Software is never fully correct up front. What it should do is discovered through usage and experience. When a problem is discovered, there are exactly four reasons it exists: the wrong thing was described, something needed was never described, something unanticipated happened, or the code doesn't match what was described. The first three are fixed by updating the descriptions — the domain model, the specification, or both — and letting the checks and code follow. The last means the code doesn't satisfy the descriptions. By design, the code is produced to satisfy the checks, so this can only happen because the checks themselves don't match the descriptions — either a check is missing or an existing check has drifted. The fix is to re-align the checks with the descriptions, let them fail, and let the code follow to satisfy the corrected checks. In every case, the descriptions lead and the code is downstream.
This folder is the seed. Two files define the process and are immutable: domain-model.md (the vocabulary) and specification.md (the behavioral rules).
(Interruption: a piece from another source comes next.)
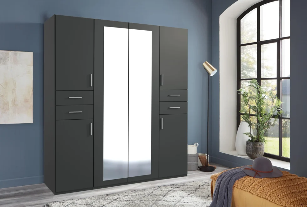 Tesoro Graphite 4 DOOR Wardrobe 180 CM Wide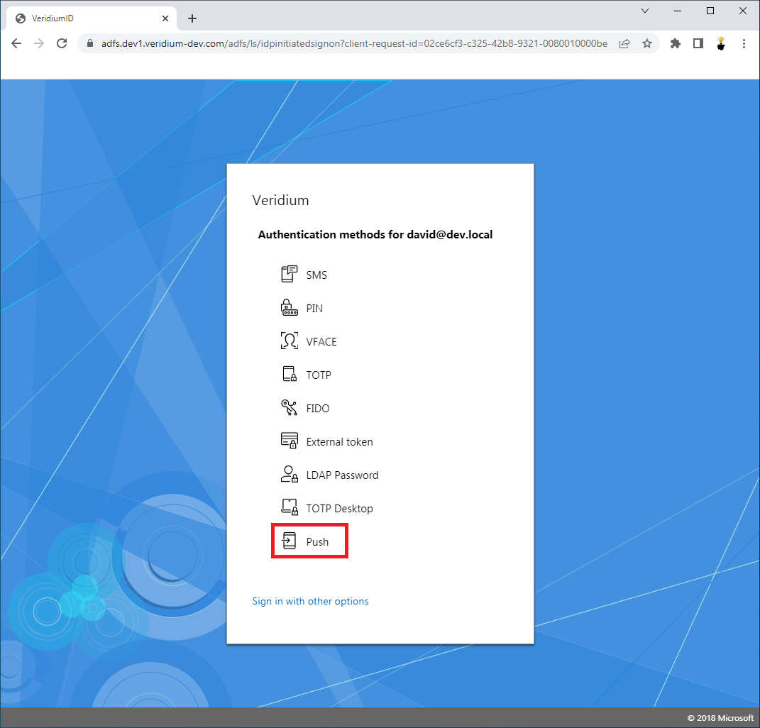 Click on the PUSH authentication method.

Two files hold the application being built and evolve via the process: application-domain-model.md and application-specification.md, seeded with a minimal Hello World. The application evolves; the process does not.
Process files — immutable; define how the seed system operates:
- domain-model.md — the vocabulary of the process.
- specification.md — the behavioral rules of the process.
Application files — evolve as the application is built; seeded with a Hello World:
- application-domain-model.md — the domain model for the application.
- application-specification.md — the behavioral specification for the application.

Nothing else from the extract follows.